Self-describing JSON¶
A self-describing payload is one that names its own schema. didactic
uses content-addressed URIs of the form
didactic://v1/<structural-fingerprint>; a consumer that knows the
URI can look up the Theory and validate the payload without prior
knowledge of the producing class.
schema_uri¶
didactic.api.schema_uri returns the canonical URI for a Model class:
import didactic.api as dx
class User(dx.Model):
id: str
email: str
dx.schema_uri(User)
# 'didactic://v1/06ac976d...e8e780c3d76bf3bec5f81ab3591aadfacb'
The suffix is the structural fingerprint: two structurally identical Models share a URI regardless of class name.
embed_schema_uri¶
Wrap a Model dump with the $schema URI:
u = User(id="u1", email="ada@example.org")

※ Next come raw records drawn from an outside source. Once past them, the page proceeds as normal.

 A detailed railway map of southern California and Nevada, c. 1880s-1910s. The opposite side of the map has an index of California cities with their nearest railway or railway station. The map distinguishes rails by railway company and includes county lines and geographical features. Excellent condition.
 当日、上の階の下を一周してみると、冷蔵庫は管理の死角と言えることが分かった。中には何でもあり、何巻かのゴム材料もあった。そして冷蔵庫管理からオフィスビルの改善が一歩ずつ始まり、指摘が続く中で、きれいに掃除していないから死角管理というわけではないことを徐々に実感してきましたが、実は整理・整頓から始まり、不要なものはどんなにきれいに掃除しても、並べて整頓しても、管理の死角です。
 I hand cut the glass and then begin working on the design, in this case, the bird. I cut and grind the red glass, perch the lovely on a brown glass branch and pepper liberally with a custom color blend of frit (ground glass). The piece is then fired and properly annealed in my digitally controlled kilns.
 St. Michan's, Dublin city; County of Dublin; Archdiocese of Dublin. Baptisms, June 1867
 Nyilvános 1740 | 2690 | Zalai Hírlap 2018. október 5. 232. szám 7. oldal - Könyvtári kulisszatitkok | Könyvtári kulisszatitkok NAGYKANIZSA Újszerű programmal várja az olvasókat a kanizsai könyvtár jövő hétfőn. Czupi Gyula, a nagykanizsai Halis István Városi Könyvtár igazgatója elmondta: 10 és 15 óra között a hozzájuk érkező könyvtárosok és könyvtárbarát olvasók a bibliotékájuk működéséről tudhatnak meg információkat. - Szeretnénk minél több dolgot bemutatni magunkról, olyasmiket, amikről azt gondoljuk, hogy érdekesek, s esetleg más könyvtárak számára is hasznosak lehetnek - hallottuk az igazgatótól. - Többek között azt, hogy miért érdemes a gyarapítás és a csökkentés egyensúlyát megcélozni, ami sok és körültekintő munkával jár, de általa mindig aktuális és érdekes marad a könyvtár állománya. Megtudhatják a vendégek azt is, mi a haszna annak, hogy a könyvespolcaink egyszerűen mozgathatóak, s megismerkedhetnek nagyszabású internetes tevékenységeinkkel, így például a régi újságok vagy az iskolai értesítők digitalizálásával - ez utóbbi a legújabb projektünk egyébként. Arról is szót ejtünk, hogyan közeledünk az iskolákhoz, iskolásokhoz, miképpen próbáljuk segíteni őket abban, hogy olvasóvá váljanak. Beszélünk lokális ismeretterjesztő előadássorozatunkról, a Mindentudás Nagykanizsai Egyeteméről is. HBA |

payload = dx.embed_schema_uri(u)
# {
# '$schema': 'didactic://v1/06ac...',
# 'id': 'u1',
# 'email': 'ada@example.org',
# }
The $schema key is the first key in the resulting dict, which lets
JSON parsers that stream key-by-key dispatch on the schema before
processing the body.
FingerprintRegistry¶
didactic.api.FingerprintRegistry is the lookup side: register every Model your application understands, then the registry resolves a URI back to a class.

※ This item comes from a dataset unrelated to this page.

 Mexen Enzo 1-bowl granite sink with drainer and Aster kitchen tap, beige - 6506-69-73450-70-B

reg = dx.FingerprintRegistry()
reg.register(User)
dx.validate_with_uri_lookup(payload, reg)
# User(id='u1', email='ada@example.org')
validate_with_uri_lookup raises KeyError if the payload has no
$schema key, and LookupError if the URI is not registered.
When to use this¶
The pattern is suited to:
- Event buses where each message carries its own schema id.
- Long-term storage where readers may post-date writers.
- Federated deployments where different services know different Models, but agree on URIs through a registry.
For request/response APIs where the consumer already knows the
expected shape, regular JSON without the $schema field is enough.